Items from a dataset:
####################
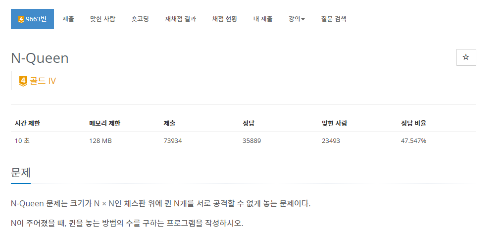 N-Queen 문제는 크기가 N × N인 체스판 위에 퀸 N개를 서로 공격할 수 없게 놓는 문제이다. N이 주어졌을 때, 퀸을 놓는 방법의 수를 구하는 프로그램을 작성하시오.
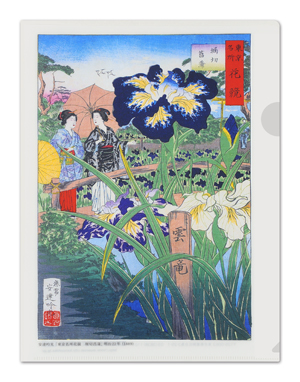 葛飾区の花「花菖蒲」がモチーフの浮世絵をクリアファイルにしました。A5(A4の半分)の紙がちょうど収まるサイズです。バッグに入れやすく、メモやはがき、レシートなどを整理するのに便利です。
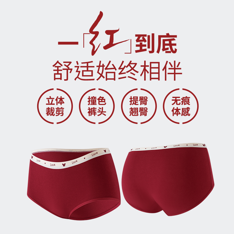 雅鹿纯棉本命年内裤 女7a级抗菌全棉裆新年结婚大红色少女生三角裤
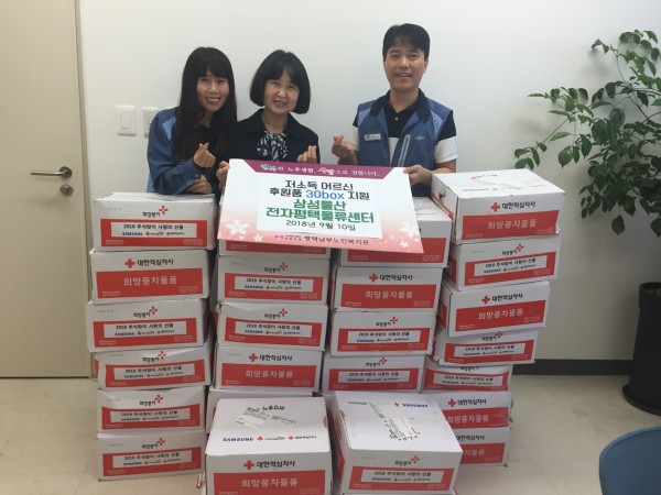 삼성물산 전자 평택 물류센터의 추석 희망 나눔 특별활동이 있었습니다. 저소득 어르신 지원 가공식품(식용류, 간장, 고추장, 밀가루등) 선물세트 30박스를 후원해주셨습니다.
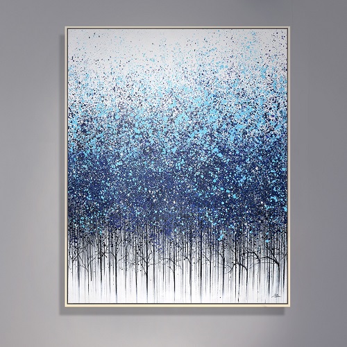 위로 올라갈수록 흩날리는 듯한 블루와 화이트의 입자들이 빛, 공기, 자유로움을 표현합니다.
####################
EXERCISE DESCRIPTION: Give the records back exactly, with no pictures.

RESULT BELOW:
 N-Queen 문제는 크기가 N × N인 체스판 위에 퀸 N개를 서로 공격할 수 없게 놓는 문제이다. N이 주어졌을 때, 퀸을 놓는 방법의 수를 구하는 프로그램을 작성하시오.
 葛飾区の花「花菖蒲」がモチーフの浮世絵をクリアファイルにしました。A5(A4の半分)の紙がちょうど収まるサイズです。バッグに入れやすく、メモやはがき、レシートなどを整理するのに便利です。
 雅鹿纯棉本命年内裤 女7a级抗菌全棉裆新年结婚大红色少女生三角裤
 삼성물산 전자 평택 물류센터의 추석 희망 나눔 특별활동이 있었습니다. 저소득 어르신 지원 가공식품(식용류, 간장, 고추장, 밀가루등) 선물세트 30박스를 후원해주셨습니다.
 위로 올라갈수록 흩날리는 듯한 블루와 화이트의 입자들이 빛, 공기, 자유로움을 표현합니다.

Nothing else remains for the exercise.